From: vincent lobrutto
Date: Sun Nov 30, 2003 0:40pm
Subject: Re: What's wrong with this sentence?
 
--- In a_film_by@yahoogroups.com, Richard

Richard,

I very much appreciate your gracious post and stimulating questions into this important question of auteurism and collaboration.

To start directors I feel are able to apply the entire craft pallete in their films include; Stanley Kubrick, Orson Welles, Alfred Hitchcock, King Vidor, Robert Altman, Sam Peckinpah, Ingmar Bergman, Federico Fellini, Jean-Luc Godard, W.R. Fassbinder, Darren Aronofsky, David Lynch, Tim Burton, Ridley Scott, Francis Copolla, Martin Scorsese, Akira Kurosawa, Oliver Stone, Spike Lee, Steven Spielberg and many others.

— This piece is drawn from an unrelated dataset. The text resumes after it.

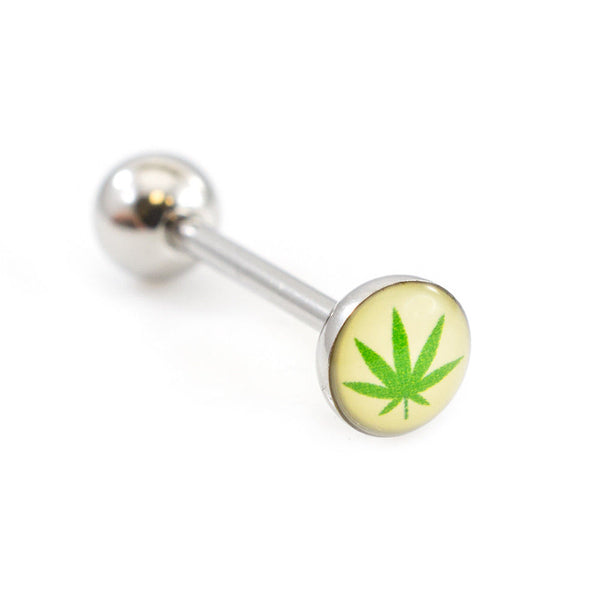 Tongue Barbell with Pot Leaf Design design 14g Description Tongue Barbell with Pot Leaf Design design 14g Measures: 14g(1.6 mm), bottom ball: 6mm, Logo size: 7mm, 15mm Length Smooth Surface...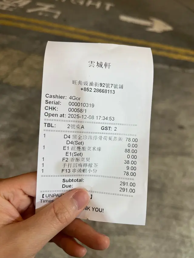 老四雲城軒 (旺角) 網址: https://s.openrice.com/QrbS0deSF00 地址: 香港旺角豉油街92號地舖 電話: +852 28668113

Your examples of director's contributions to the crafts are excellent. They are the exception and not the rule. Sternberg like Kubrick was a cinematographer in his own right. I do believe that a true comprehensive history of the cinema is underway. In the last 10 years or so there has been movement beyond just looking at actors, writers, directors, narrative and characters into other properities of motion pictures. For me this is not as much about giving "credit" to those who collaborate but to explore the contribution of these aspects of the medium; editing, cinematography, sound, music, production design, costumes, make-up, visual effects - they comprise this wonderful medium. I am always pleased when I teach a production design or sound design class and see students now able to become more "articulate" filmmakers because they can now express their ideas in ways that had been hidden to them when they were less conscious of the narrative and expressive powers of in this case sound
and production design.

You relationship with your gaffer friend sounds wonderful. Bert Glennon was a wonderful DP. You will continue to get insights from his son's experience. I have learned so much over the years from all of the people in the crafts. The technical aspects are minor compared to the artistic contribution - they considered themselves filmmakers - technician masks what they do on a film.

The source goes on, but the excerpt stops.